## WHAT YOU WILL DO
If a line below falls between the line with "Modelován byl homogenní" and the line with "19 คน มีนักร้องที่เป็นนักแสดงรวมอยู่ด้วย", or is one of those two, output it exactly; output nothing else and no pictures.

## SUPPLIED MATERIAL
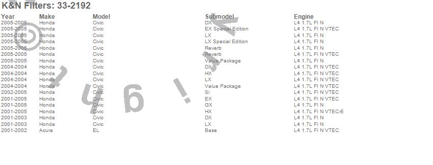 Below is an abbreviated list of applications for the Air Filter.
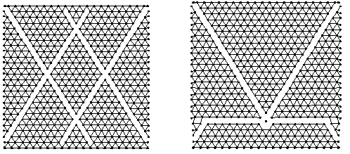 Modelován byl homogenní čtvercový vzorek rozdělený na 559 hmotných bodů situovaných do pravidelné, dokonale symetrické „trojúhelníkové“ sítě pružin. Při spodním okraji byl uchycen neposuvně v obou směrech; při horním okraji byl uchycen neposuvně v horizontálním směru, přičemž svislý posuv se měnil konstantní rychlostí. Úloha byla řešena s ohledem na kvalitativní hodnocení průběhu lomu. V závislosti na hodnotách parametrů interakční funkce vznikaly různé obrazce porušení, viz obr. 3 a 4.
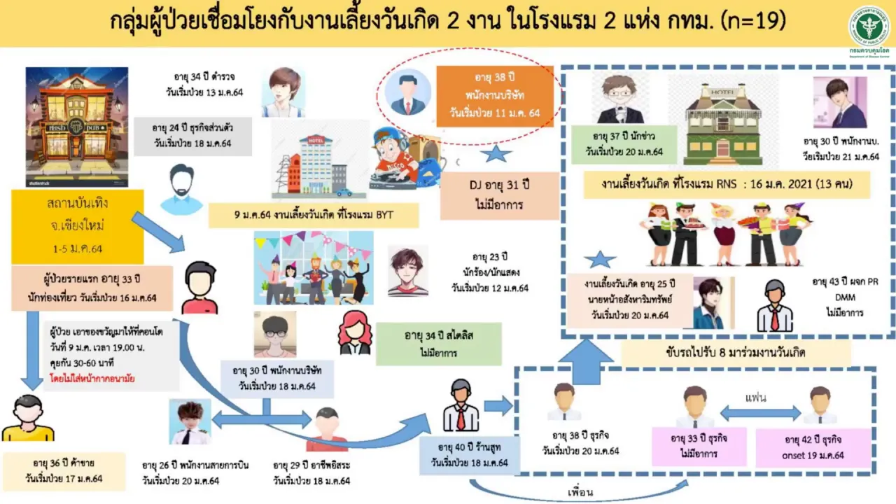 กรมควบคุมโรค เผยเคส "ดีเจมะตูม" พบติดโควิด-19 เป็นกลุ่มก้อนจากงานปาร์ตี้ ป่วยแล้ว 19 คน มีนักร้องที่เป็นนักแสดงรวมอยู่ด้วย
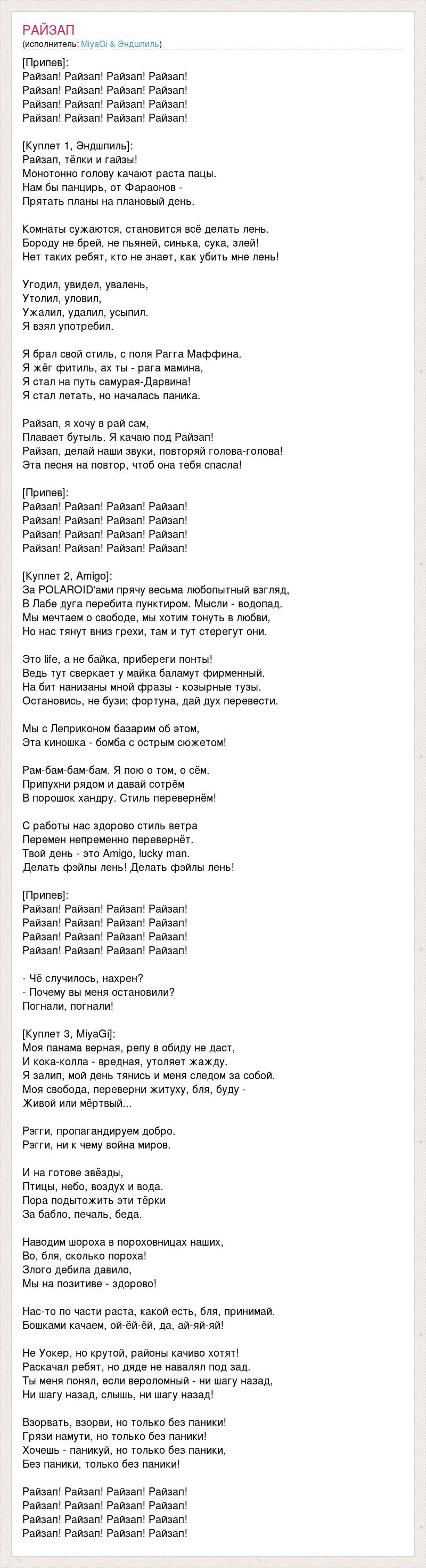 [Припев]: Райзап! Райзап! Райзап! Райзап! Райзап! Райзап! Райзап! Райзап! Райзап! Райзап! Райзап! Райзап! Райзап! Райзап! Райзап! Райзап! [Куплет 1, Эндшпиль]: Райзап, тёлки и гайзы! Монотонно голову качают раста пацы. Нам бы панцирь, от Фараонов - Прятать планы на плановый день. Комнаты сужаются, становится всё делать лень. Бороду не брей, не пьяней, синька, сука, злей! Нет таких ребят, кто не знает, как убить мне лень! Угодил, увидел, увалень, Утолил, уловил, Ужалил, удалил, усыпил. Я взял употребил. Я брал свой стиль, с поля Рагга Маффина. Я жёг фитиль, ах ты - рага мамина, Я стал на путь самурая-Дарвина! Я стал летать, но началась паника. Райзап, я хочу в рай сам, Плавает бутыль. Я качаю под Райзап! Райзап, делай наши звуки, повторяй голова-голова! Эта песня на повтор, чтоб она тебя спасла! [Припев]: Райзап! Райзап! Райзап! Райзап! Райзап! Райзап! Райзап! Райзап! Райзап! Райзап! Райзап! Райзап! Райзап! Райзап! Райзап! Райзап! [Куплет 2, Amigo]: За POLAROID'ами прячу весьма любопытный взгляд, В Лабе дуга перебита пунктиром. Мысли - водопад. Мы мечтаем о свободе, мы хотим тонуть в любви, Но нас тянут вниз грехи, там и тут стерегут они. Это life, а не байка, прибереги понты! Ведь тут сверкает у майка баламут фирменный. На бит нанизаны мной фразы - козырные тузы. Остановись, не бузи; фортуна, дай дух перевести. Мы с Леприконом базарим об этом, Эта киношка - бомба с острым сюжетом! Рам-бам-бам-бам. Я пою о том, о сём. Припухни рядом и давай сотрём В порошок хандру. Стиль перевернём! С работы нас здорово стиль ветра Перемен непременно перевернёт. Твой день - это Amigo, lucky man. Делать фэйлы лень! Делать фэйлы лень! [Припев]: Райзап! Райзап! Райзап! Райзап! Райзап! Райзап! Райзап! Райзап! Райзап! Райзап! Райзап! Райзап! Райзап! Райзап! Райзап! Райзап! - Чё случилось, нахрен? - Почему вы меня остановили? Погнали, погнали! [Куплет 3, MiyaGi]: Моя панама верная, репу в обиду не даст, И кока-колла - вредная, утоляет жажду. Я залип, мой день тянись и меня следом за собой. Моя свобода, переверни житуху, бля, буду - Живой или мёртвый... Рэгги, пропагандируем добро. Рэгги, ни к чему война миров. И на готове звёзды, Птицы, небо, воздух и вода. Пора подытожить эти тёрки За бабло, печаль, беда. Наводим шороха в пороховницах наших, Во, бля, сколько пороха! Злого дебила давило, Мы на позитиве - здорово! Нас-то по части раста, какой есть, бля, принимай. Бошками качаем, ой-ёй-ёй, да, ай-яй-яй! Не Уокер, но крутой, районы качиво хотят! Раскачал ребят, но дяде не навалял под зад. Ты меня понял, если вероломный - ни шагу назад, Ни шагу назад, слышь, ни шагу назад! Взорвать, взорви, но только без паники! Грязи намути, но только без паники! Хочешь - паникуй, но только без паники, Без паники, только без паники! Райзап! Райзап! Райзап! Райзап! Райзап! Райзап! Райзап! Райзап! Райзап! Райзап! Райзап! Райзап! Райзап! Райзап! Райзап! Райзап!

## ANSWER TO THE PROBLEM
 Modelován byl homogenní čtvercový vzorek rozdělený na 559 hmotných bodů situovaných do pravidelné, dokonale symetrické „trojúhelníkové“ sítě pružin. Při spodním okraji byl uchycen neposuvně v obou směrech; při horním okraji byl uchycen neposuvně v horizontálním směru, přičemž svislý posuv se měnil konstantní rychlostí. Úloha byla řešena s ohledem na kvalitativní hodnocení průběhu lomu. V závislosti na hodnotách parametrů interakční funkce vznikaly různé obrazce porušení, viz obr. 3 a 4.
 กรมควบคุมโรค เผยเคส "ดีเจมะตูม" พบติดโควิด-19 เป็นกลุ่มก้อนจากงานปาร์ตี้ ป่วยแล้ว 19 คน มีนักร้องที่เป็นนักแสดงรวมอยู่ด้วย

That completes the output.